- [Work required]: When you reach the line containing "El presente Trabajo" in the records below, start copying exactly, and stop once you have copied the line containing "This hand knitted".

- [Records for processing]:
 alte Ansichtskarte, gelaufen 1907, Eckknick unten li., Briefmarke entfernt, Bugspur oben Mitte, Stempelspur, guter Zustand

* * *

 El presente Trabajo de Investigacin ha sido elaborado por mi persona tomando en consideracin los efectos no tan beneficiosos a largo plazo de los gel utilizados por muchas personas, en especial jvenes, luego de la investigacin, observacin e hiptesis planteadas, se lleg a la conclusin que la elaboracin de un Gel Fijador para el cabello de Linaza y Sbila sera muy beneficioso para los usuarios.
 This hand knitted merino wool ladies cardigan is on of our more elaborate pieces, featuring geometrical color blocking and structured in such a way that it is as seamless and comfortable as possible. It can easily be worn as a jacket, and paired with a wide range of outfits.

==

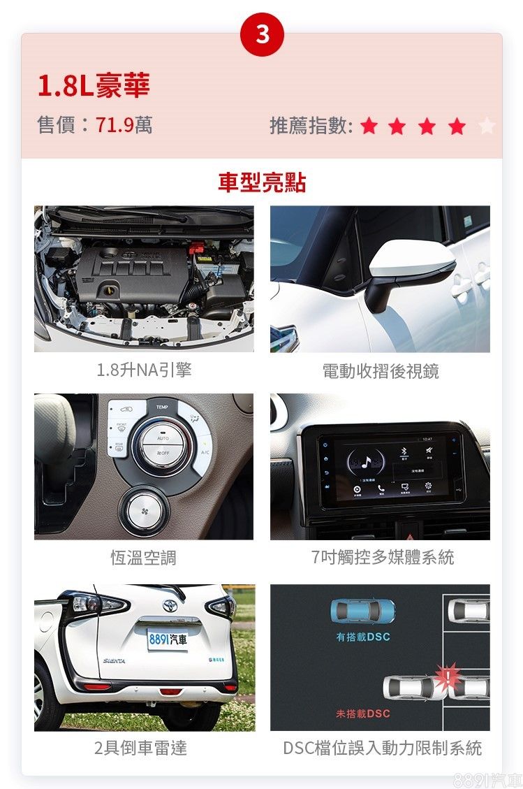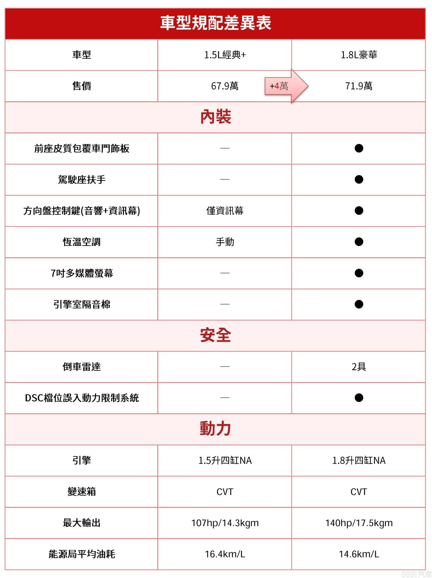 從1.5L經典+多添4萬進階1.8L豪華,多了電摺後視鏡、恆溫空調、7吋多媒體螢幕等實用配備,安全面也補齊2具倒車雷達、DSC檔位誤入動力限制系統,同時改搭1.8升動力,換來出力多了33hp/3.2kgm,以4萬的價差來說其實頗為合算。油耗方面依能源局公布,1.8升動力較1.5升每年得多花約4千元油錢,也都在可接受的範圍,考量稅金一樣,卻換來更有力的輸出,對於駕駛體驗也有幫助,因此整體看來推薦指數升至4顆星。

- [Task response]:
 El presente Trabajo de Investigacin ha sido elaborado por mi persona tomando en consideracin los efectos no tan beneficiosos a largo plazo de los gel utilizados por muchas personas, en especial jvenes, luego de la investigacin, observacin e hiptesis planteadas, se lleg a la conclusin que la elaboracin de un Gel Fijador para el cabello de Linaza y Sbila sera muy beneficioso para los usuarios.
 This hand knitted merino wool ladies cardigan is on of our more elaborate pieces, featuring geometrical color blocking and structured in such a way that it is as seamless and comfortable as possible. It can easily be worn as a jacket, and paired with a wide range of outfits.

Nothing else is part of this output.